Dave,
I feel we are both saying the same here, and I am not sure why we are
still discussing this. I will try just once more time:
The "subject" of this thread is
"Repetitive XML comments -- what's the point?"
You might or not might agree that repetitive comments exist, but this
is other subject. I think they exist, as in the parameterless string
constructor example. Yes, it initializes a string class. There is no
much more you can say here that is not said on the "string"
documentation. Adding a comment here is like the classical:
i++; //increment i
Under the original thread, the original poster said that *if* you have
redundant comments, it was better not to document them at all.
What I answered, is that if you do not document even things that need
no documentation, you can not actually use the warnings to find out
things that you didn't document.
That's it.

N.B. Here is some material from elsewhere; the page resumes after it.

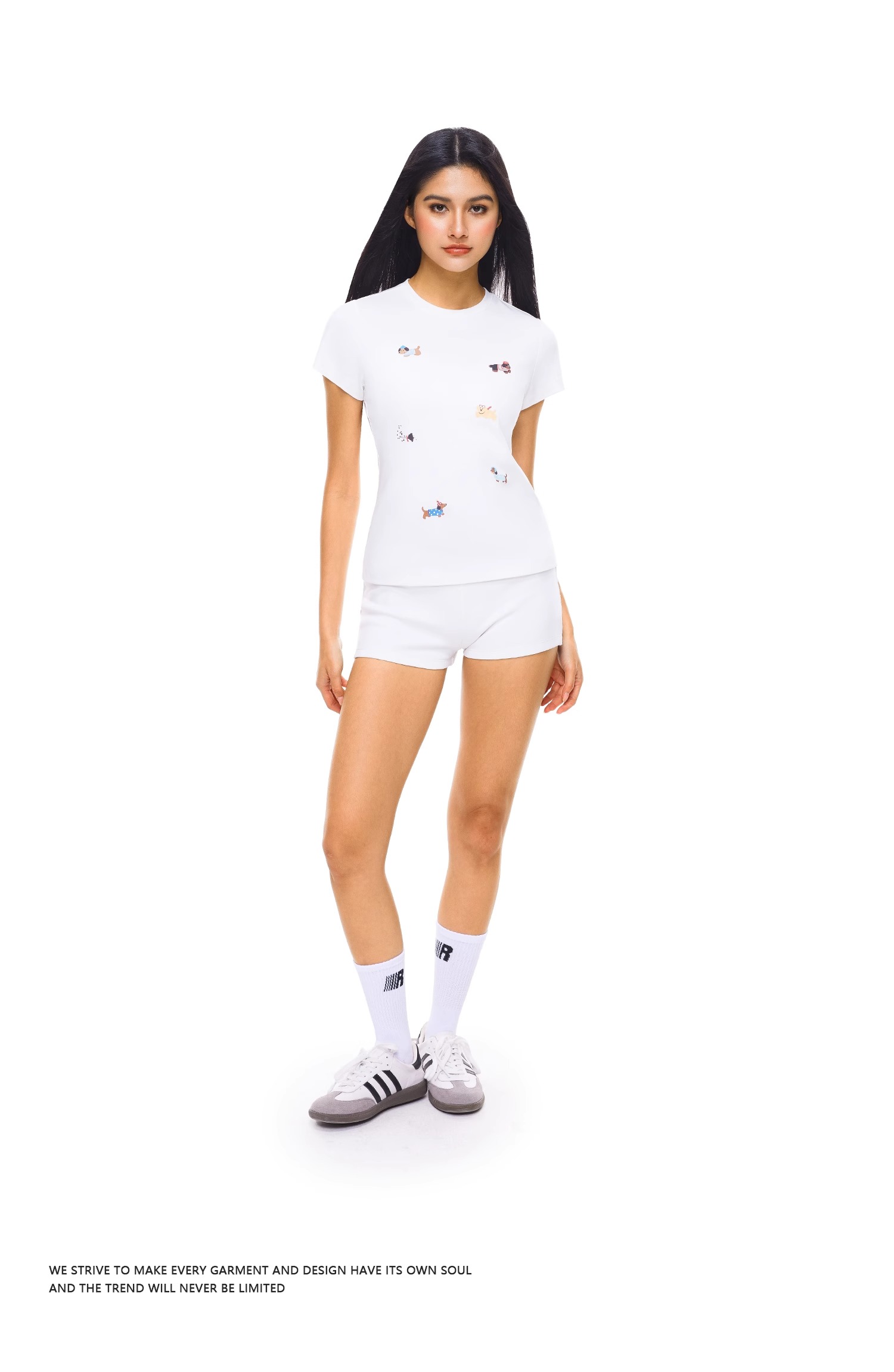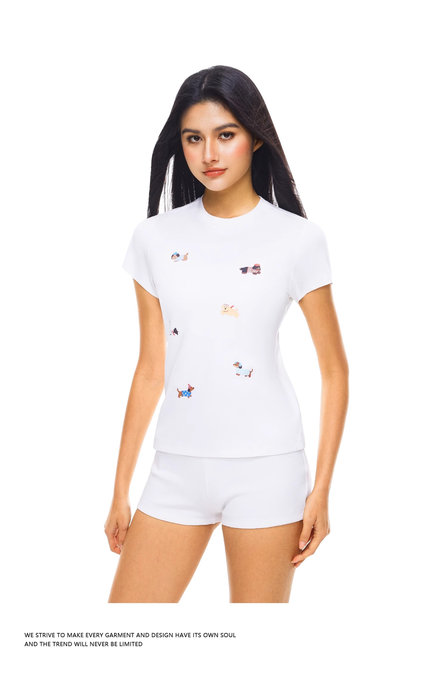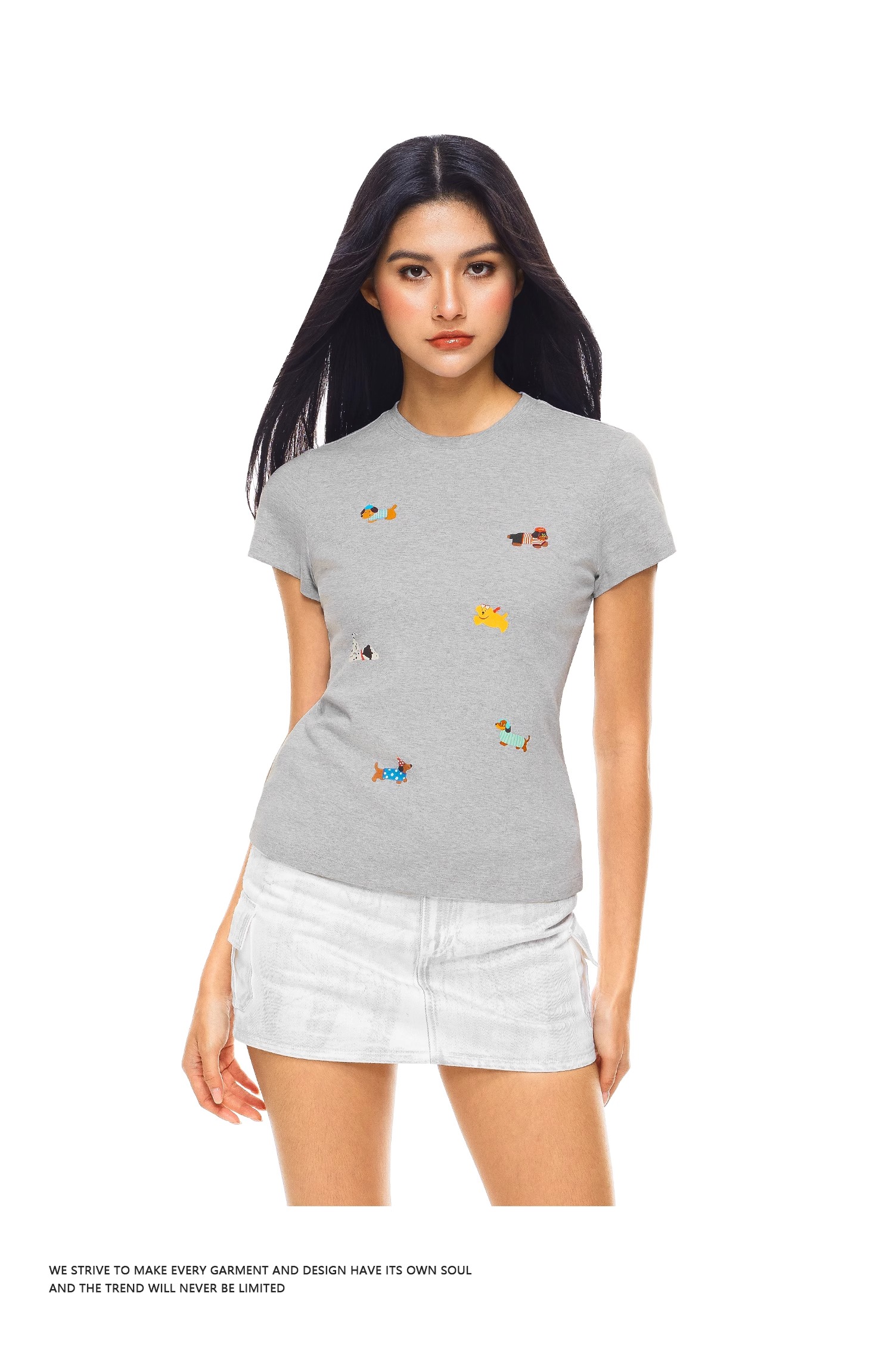 FDR官方店 创意小狗印花修身T恤女夏季美式辣妹短袖体恤上衣

There is nothing about making documentation stubs or
anything. This was about documenting obvious things.
String Constructor [C#]
Initializes a new instance of the String class.
The sample
documentation is an example of poor documentation, IMO.
Well, here is a point I disagree. Adding lots of trivial explanations
because there is nothing else to say is IMHO an example of poor
documentation.
String Constructor [C#]
Initializes a new instance of the String class. The string class is ...
(reinclude all information that is already on the information for the
class, ot other information that will not help you at all to construct
a string)
That is poor documentation. Documentation should be all that is needed,
but no more. If there is nothing to say, say nothing.
BTW, each string constructor overload contains a remarks section and
additional information in the summary.
Yep, but I was speaking about the parameterless contructor. Almost
every class has a parameterless constructor, and most of the time what
all you can say about it is "constructs a new instance of MyClass" And
this is good. If the constructor needs more documentation, probably
there is something wrong with it.
These are not good examples of "redundant comments", as I understand
it. The particular definition you have cited is on the "overloads"
page which is not directly supported by C# commenting and also
includes an example anyway.
The comments on the overrloaded methods are different comments. On the
code, you have:
///<summary>
/// Initializes a new instance of the String class.
///</summary>
public String()
{
}
This comment is completely useless, and the fact that the overloads
might have useful comments and examples, does not make this particular
comment more useful.
I disagree. I believe what's useful about the warnings is that it's
telling you that you still have hundreds of undocumented elements in
your project.
Again, I agree 100%, but we are not discussing this. We are discussing
"What do you do if you find a method that (you feel) does not need
documentation?"
I see 3 options:
1) You do not document it. this was what the OP suggested, and I said
that this will not allow you to use the warnings.
2) You state the obvious. This is what I do, and even when I might not
like it much, it works.
3)No method on your code is so straightforward that you can not add
anything that is not obvious. You think long enough, and you find out
you have something to say. If you still don't, you make the method less
straightforward.
do you see any other option? Sometimes reading this, it seems like you
are advocating 3).
Again, I don't think that "redundant" documentation is good
documentation and this was my concern with your response.
Yes, I agree option 2) is the lesser of 3 evils. But IMHO is better
than 1) or 3)
If the best you can do is "Constructs a new instance of Type A",
then that's the best you can do. But at least you verified it. I
think part > of the cause of poor documentation is the assumption that
your making
when saying "5000 warnings on redundant constructors".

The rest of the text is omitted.